Charlotte Hawkins
(Image: ITV)

Charlotte Hawkins Breaks News on Inflation Slowdown: ‘1.7 Percent, Below Bank of England’s Target’

Charlotte Hawkins delivered significant economic news on Good Morning Britain, revealing that inflation had slowed to 1.7 percent in September, told The Mirror. This marked the first time in nearly three years that inflation dropped below the Bank of England’s 2 percent target. The development was elaborated on by Jonathan Swain, reporting from Penge, who explained the implications of the data.

“It doesn’t mean things are getting cheaper,” Swain clarified. “It means prices are not rising as fast as they once were. I’ll take you back to October 2022 when inflation was at 11 percent, and that rate has now dropped to 1.7 percent.”

However, Swain noted that despite the lower inflation rate, mortgage rates might not follow the same trend. “Normally, when inflation rates come down, you expect mortgage rates to come down as well. However, that is not necessarily the case,” he explained.

The September inflation figure is particularly crucial, as it will be used to adjust numerous benefit payments, including Universal Credit, in April.
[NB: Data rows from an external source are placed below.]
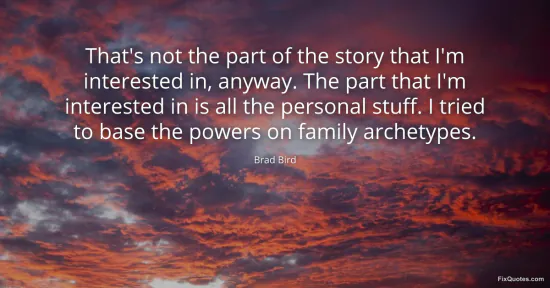 Bird, Brad. "That's not the part of the story that I'm interested in, anyway. The part that I'm interested in is all the personal stuff. I tried to base the powers on family archetypes." FixQuotes. January 17, 2026. https://fixquotes.com/quotes/thats-not-the-part-of-the-story-that-im-41768/.
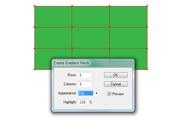 Vào menu Object > Create Gradient Mesh, chúng ta có thể xác định số lượng hàng và cột trong hộp thoại :
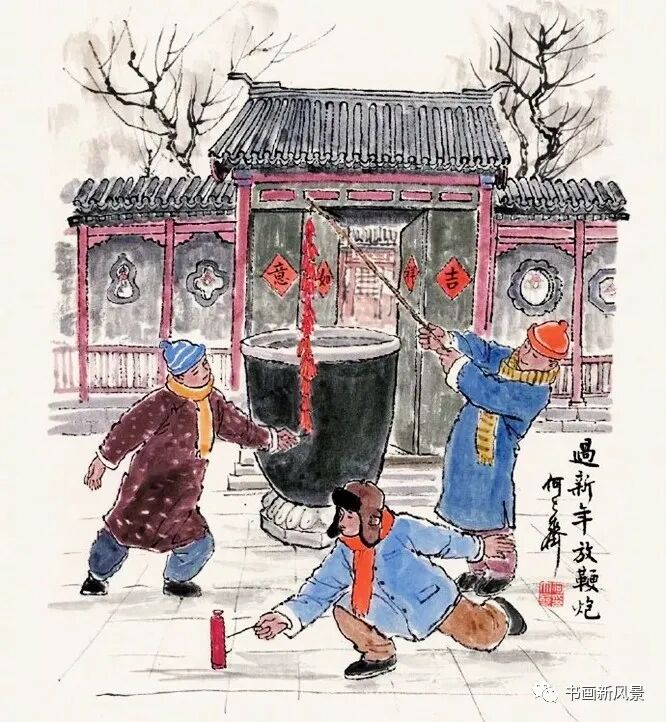 爆竹声声响彻天,垂髫小儿乐开颜。
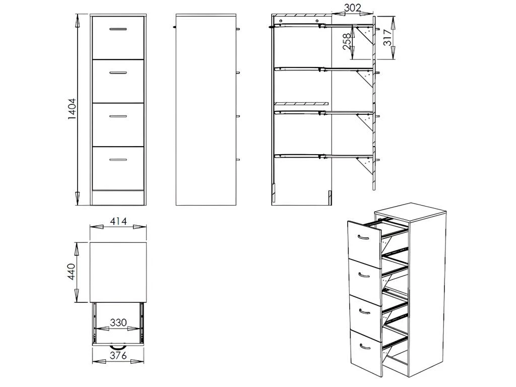 – Attention : les tiroirs n’ont pas de fond, ils ne peuvent que recevoir des dossiers suspendus (25 par tiroir).
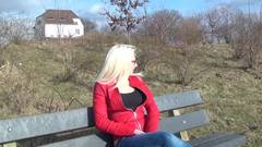 A loira Tina primeiro se masturba nesse vídeo amador, mas logo decide chupar e foder um pau até gozar!
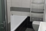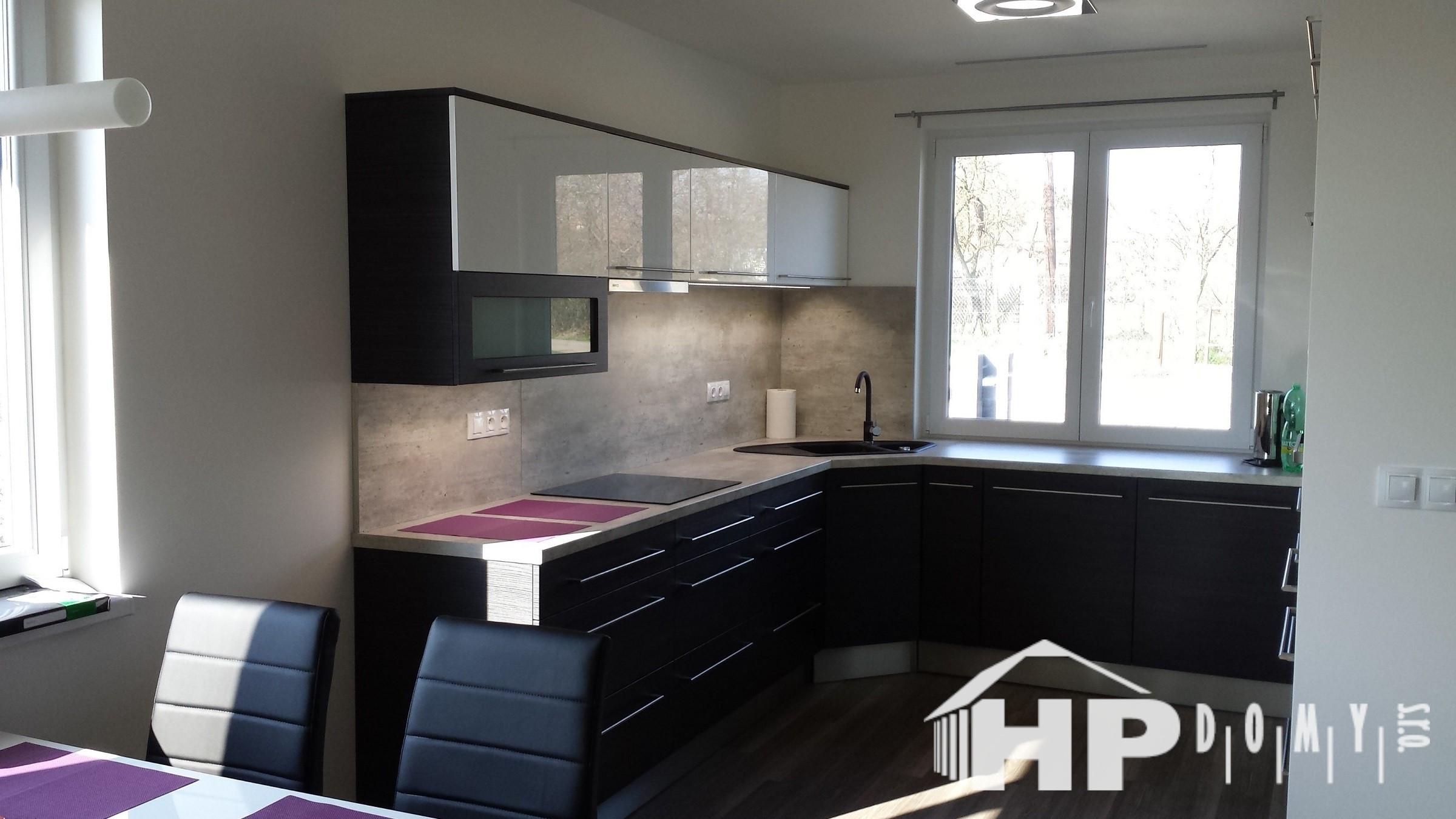 Užitná plocha 104m2 a přistavěná garáž o velikosti cca 21m2. Dům prošel klientskými změnami a byla upravena i okna do ulice oproti původnímu návrhu. Moderně pojatý interiér i exteriér dělají z této stavby komfortní bydlení za přijatelnou cenu. Podlahy jsou v celém domě vinylové a v obývacím pokoji je krbová vložka, která má zadní plnění z technické místnosti, ve které je dále pračka se sušičkou.

These adjustments will affect key support mechanisms, including personal independence payments, attendance allowance, and disability living allowance, as well as carer’s allowance, according to The Express.

The Office for National Statistics (ONS) highlighted a significant drop in motor fuel and lubricant prices, which decreased by 10.4% compared to September 2023. The reduction in airfares following the summer travel season also contributed to the overall drop in inflation.

On the other hand, households are still facing elevated prices for food and non-alcoholic beverages, with notable price increases in milk, cheese, eggs, and fruit. Darren Jones, Chief Secretary to the Treasury, acknowledged the slower pace of price rises as “welcome news for millions of families.” He added, “However, there is still more to do to protect working people, which is why we are focused on bringing back growth and restoring economic stability to deliver on the promise of change.”

Interestingly, core inflation, which excludes volatile items like energy, food, alcohol, and tobacco, also saw a decline, sitting at 3.2% in September, down from 3.6% in August. Goods prices fell at a faster rate, dropping to -1.4% last month from -0.9% in August, while services inflation, which had spiked during the summer due to the so-called “Taylor Swift effect,” also slowed from 5.6% to 4.9%.

These combined factors suggest the possibility of an interest rate cut in November, with some experts predicting a reduction of 0.25 percentage points. Speculation of another cut in December remains on the table as well.